Another factor surveyed in this study was fertility potential of spermatozoa with ZBA assay. This assay highlights the potential of proper sperm interaction with oocyte in vitro setting. ZBA assay showed an insignificant decrease rate of sperm fertility endurance after vitrification. Evidence suggests that some spermatozoa intracellular signaling pathway can be affected during cryopreservation, and after warming of spermatozoa, features commonly observed in capacitated spermatozoa can be displayed (26, 27). It is, however, necessary to precisely detect the sperm fertility poteintial with application of fluorescent staining, in conjunction with ZBA. It was recently observed that the acrosome of many sperm are damaged after vitrification (25). However, in this assay, the concentration of motile spermatozoa was similar in both fresh and vitrified spermatozoa.
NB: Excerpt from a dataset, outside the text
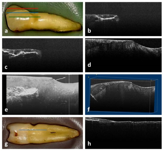 PM1 examination: (a) macroscopic aspect of buccal surface; (b) 2D OCT image of buccal area with concave fissure; (c) 2D OCT image of buccal area with crack in dentin; (d) 2D OCT image of buccal area with cracks perpendicular to the bottom of NCCL; (e) 3D image of buccal surface in the cervical area; (f) 3D volume viewer image of buccal surface in the cervical area; (g) macroscopic aspect of mesial surface; (h) 2D OCT image of mesial area with crack in enamel.

Therefore, the fertilization potential of sperm could preserve their progressive motility after vitrification and it was similar to fresh spermatozoa. Defects in plasma membrane including rupture, loss, wrinkling, in addition to acrosomal abnormalities, such as distended structures, loss, and vesicle formations were reported previously (28).
Conclusion
Vitrification had adverse effects on sperm parameters of motility and papanicolaou stained morphology. Also, it increased the rate of vacuolization in sperm head detected by MSOME, which may interfere with fertilization process in clinical setting. Therefore, MSOME technology is recommended for assessment of sperm fine morphology in ICSI program used cryopreserved spermatozoa.
Acknowledgement
Source(s) of support was the Shahid Sadoughi University of Medical Sciences, Yazd, Iran. We extent our gratitude to the staff of Research and Clinical Center for Infertility for their cooperation in this study.
Conflict of Interest
Authors declare no conflict of interest.